Items listed in a dataset

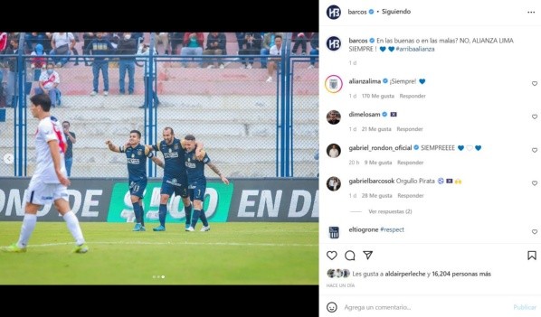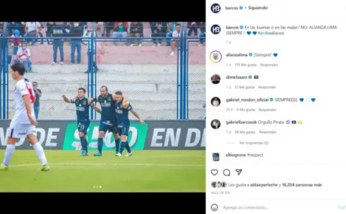 Hernán Barcos es muy conocido, aparte de su gran talento como futbolista y goleador, también por interactuar y publicar mucho en las redes sociales, donde el ‘Pírata’ deja ver mensajes como este: “¿En las buenas o en las malas? No, Alianza Lima siempre”, fue lo que puso el atacante argentino en su cuenta de Instagram, junto a una imagen celebrando el gol anotado en Villa El Salvador.
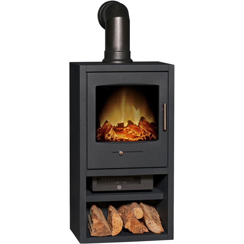 • Features a charcoal grey finish and includes log storage
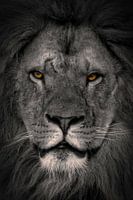 Foto van een leeuw in zwart-wit met alleen de ogen in kleur.
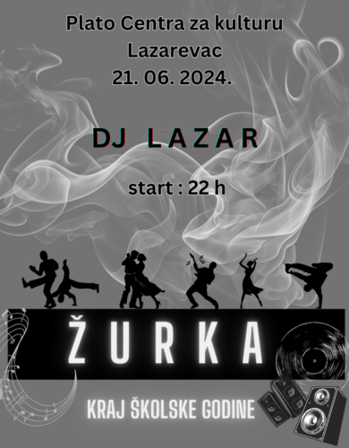 U okviru manifestacije "Kulturno leto 2024" - i kraja školske godine, oragnizujemo žurku za srednjoškolece na platou CZK Lazarevac.
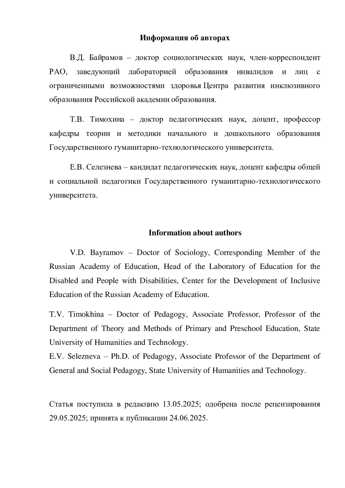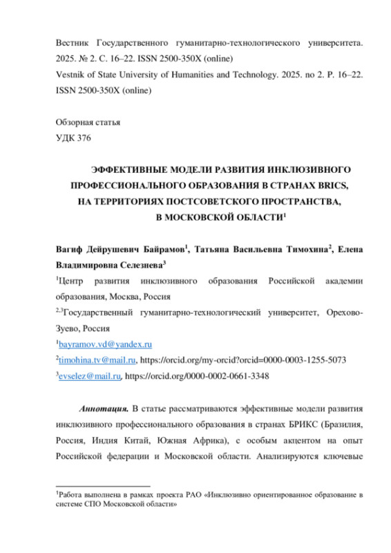 БАЙРАМОВ В. Д., ТИМОХИНА Т. В., СЕЛЕЗНЕВА Е. В. ЭФФЕКТИВНЫЕ МОДЕЛИ РАЗВИТИЯ ИНКЛЮЗИВНОГО ПРОФЕССИОНАЛЬНОГО ОБРАЗОВАНИЯ В СТРАНАХ BRICS, НА ТЕРРИТОРИЯХ ПОСТСОВЕТСКОГО ПРОСТРАНСТВА, В МОСКОВСКОЙ ОБЛАСТИ // ВЕСТНИК ГОСУДАРСТВЕННОГО ГУМАНИТАРНО-ТЕХНОЛОГИЧЕСКОГО УНИВЕРСИТЕТА. 2025. № 2
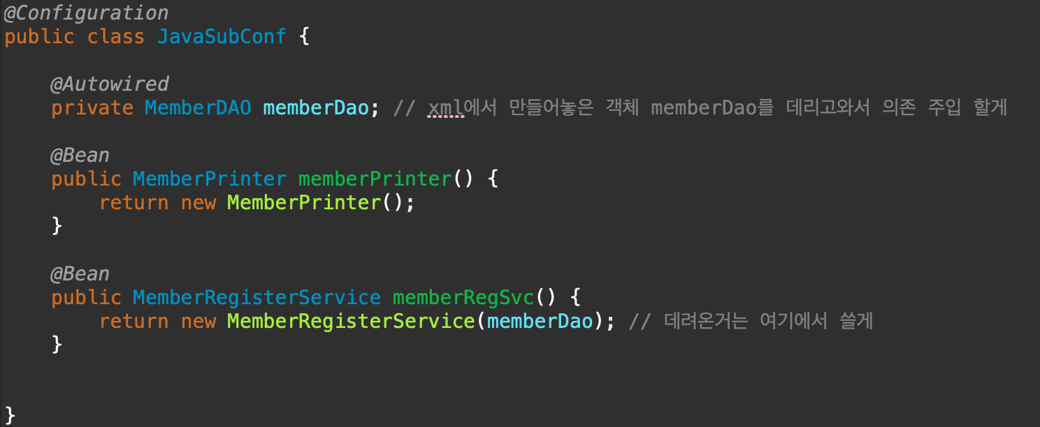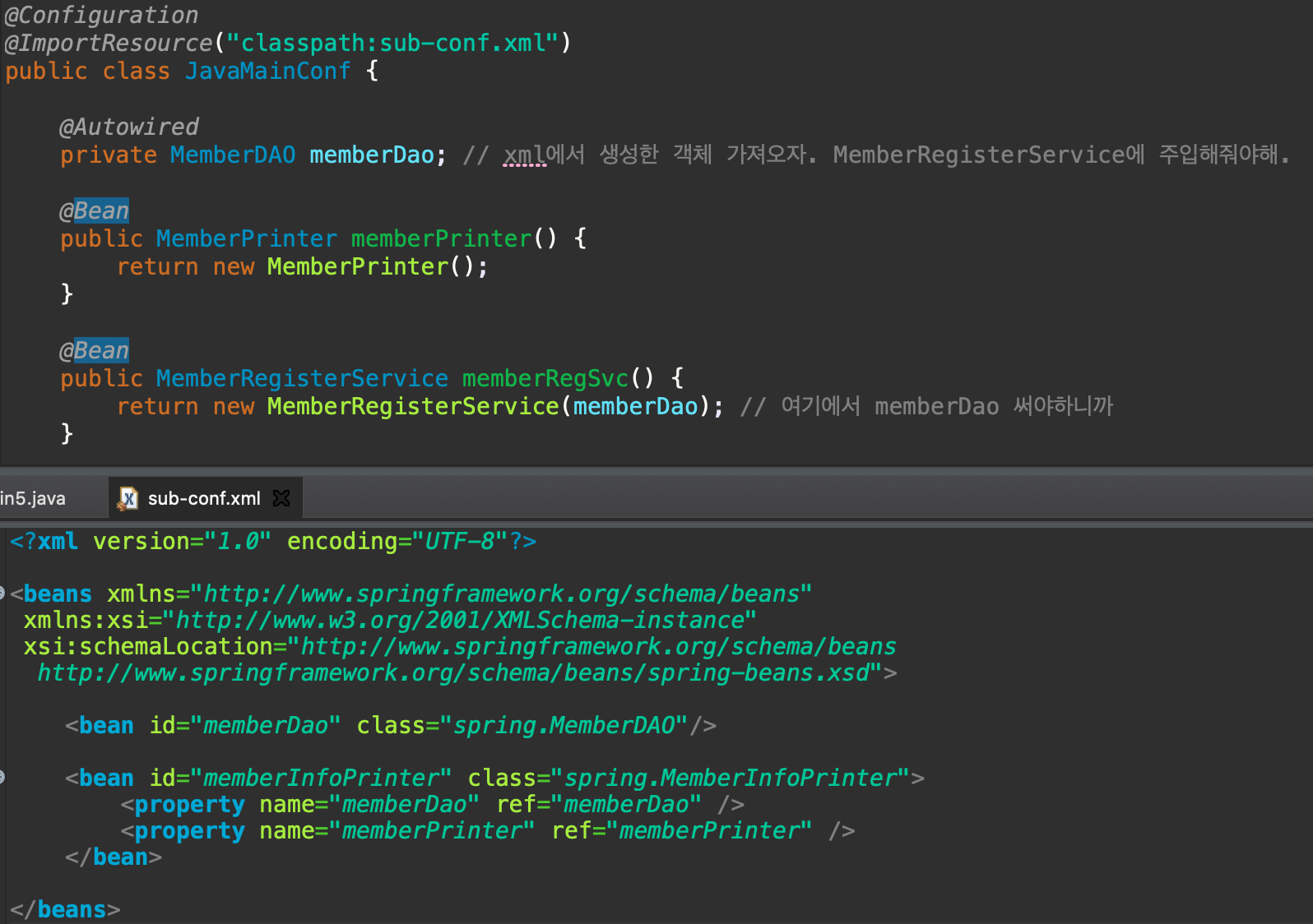 1. 자바 설정 파일을 메인으로, xml 설정 파일을 서브로
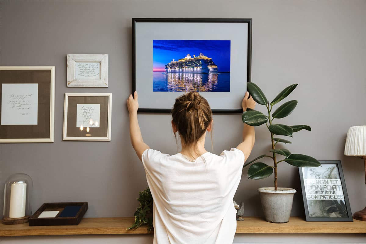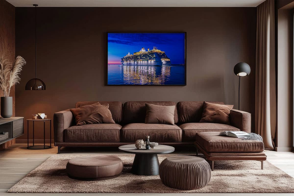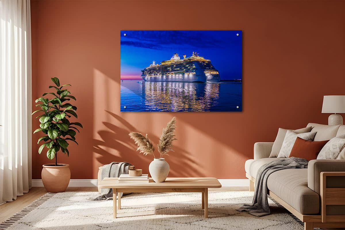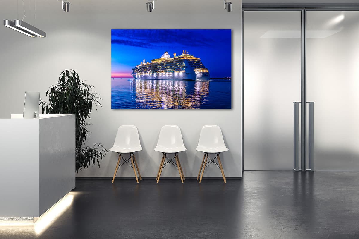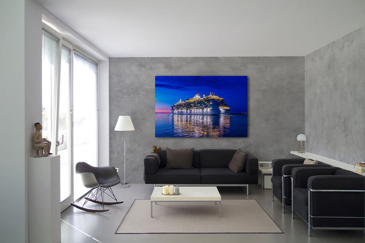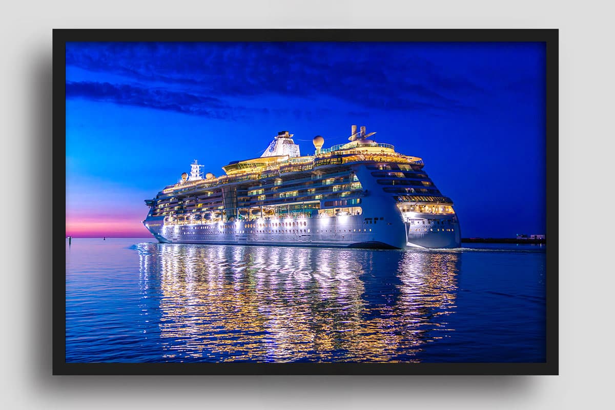 Die Besonderheit dieses Motivs ist der enorme Kontrast: Die hell erleuchteten Decks und Kabinen des Schiffes spiegeln sich in perfekter Brillanz auf der ruhigen Wasseroberfläche wider. Am linken Bildrand kündigt ein sanfter rosa Schimmer am Horizont das Ende eines perfekten Tages an der Küste an. Dieses Bild bringt die luxuriöse und zugleich beruhigende Atmosphäre einer Kreuzfahrtnacht direkt in deine vier Wände.
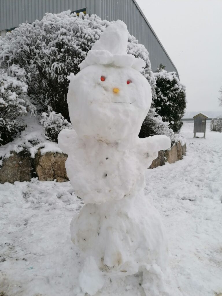 Diesen netten Schneemann ließen einige Mädchen während der großen Pause entstehen. Damit er sehen und riechen kann, teilten sie sogar ihre Jause mit ihm!
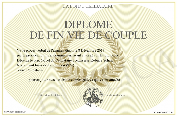 Envoyez par email votre Diplôme de fin vie de couple personalisé
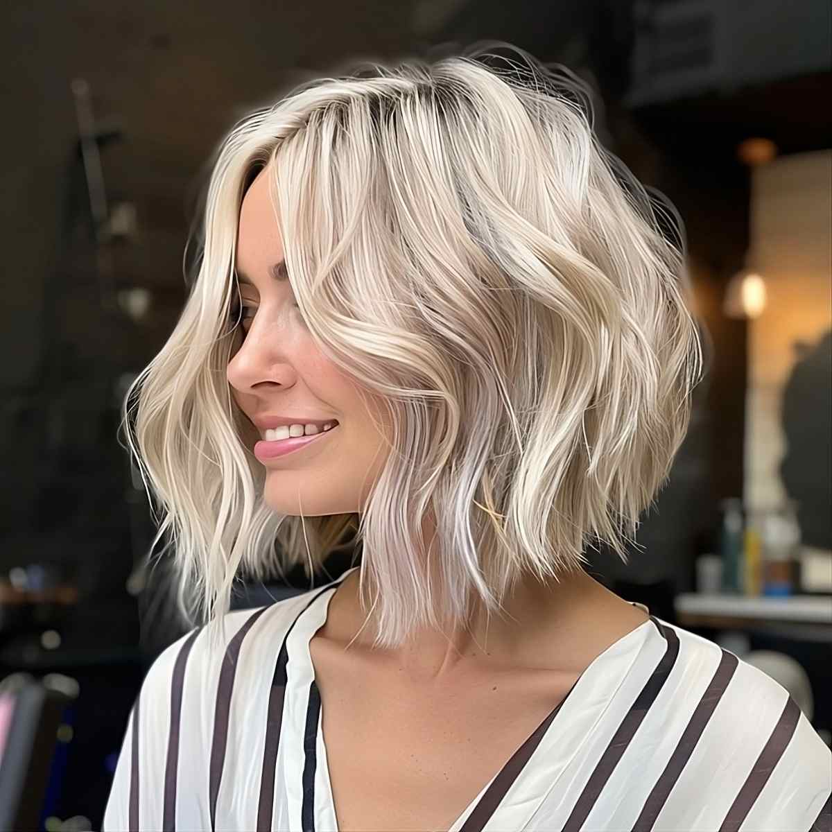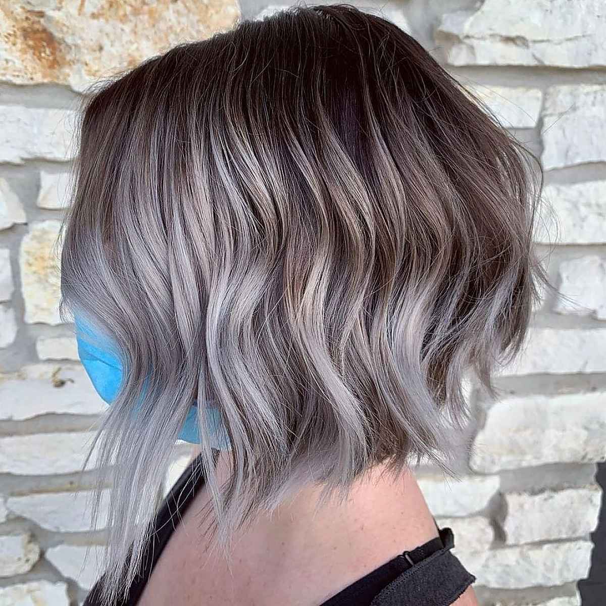 Textured Inverted Wavy Bob Featuring a Silver Balayage

#### About this task
What you return must match, character for character, the lines above from the one with "Foto van een" through the one with "U okviru manifestacije", minus any pictures.

#### Response area
 Foto van een leeuw in zwart-wit met alleen de ogen in kleur.
 U okviru manifestacije "Kulturno leto 2024" - i kraja školske godine, oragnizujemo žurku za srednjoškolece na platou CZK Lazarevac.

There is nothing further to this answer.